How have prospective international students from China responded to the pandemic and how can you attract Chinese students to your institution in such a competitive market? We spoke to Naomi Wu, QS’ Regional Marketing Director of Greater China to find out.
China remains the leading source of international students to study destinations such as the US, UK, Canada and Australia as a reliably growing middle class continues to value an international student experience.
Yet colleges and universities around the world that don’t have strong brand recognition amongst Chinese students have grappled with penetrating this competitive market. To better understand how institutions can more effectively engage with this significant source market, we spoke to Naomi Wu, QS’ Regional Marketing Director of Greater China.

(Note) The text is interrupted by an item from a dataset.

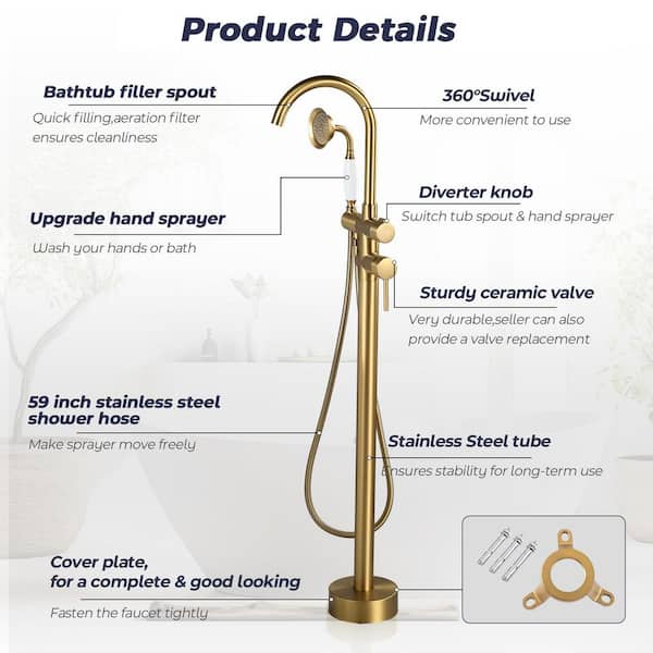 Single-Handle Floor-Mount Roman Tub Faucet with Hand Shower in Brushed Gold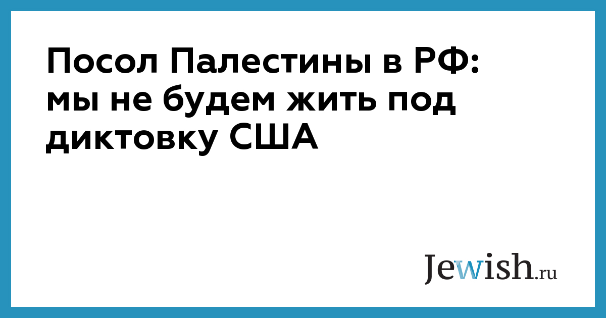 Посол Палестины в РФ: мы не будем жить под диктовку США

Naomi joined QS at the beginning of 2021 to lead marketing efforts in China after several years of working directly with Chinese students at higher education preparatory schools such as the Nord Anglia International Schools, and through various marketing firms.

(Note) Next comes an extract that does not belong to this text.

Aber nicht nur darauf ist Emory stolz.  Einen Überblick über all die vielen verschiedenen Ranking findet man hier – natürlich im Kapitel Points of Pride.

Based in Shanghai, her work has focused on social media engagement, email strategy and reputation management for higher education institutions. Read on to discover her insights about prospective international students in China and the impact of the coronavirus crisis.
From your perspective, how did Chinese student behavior change during the pandemic?
Naomi: Many students began switching from their destination country as a result, yet the US remains a top choice for students pursuing a quality undergraduate education. Chinese students now seem to be more discerning about US schools, with applications to Ivy League institutions increasing by 50%. I would also say that more students are looking to apply to multiple study destinations rather than just one.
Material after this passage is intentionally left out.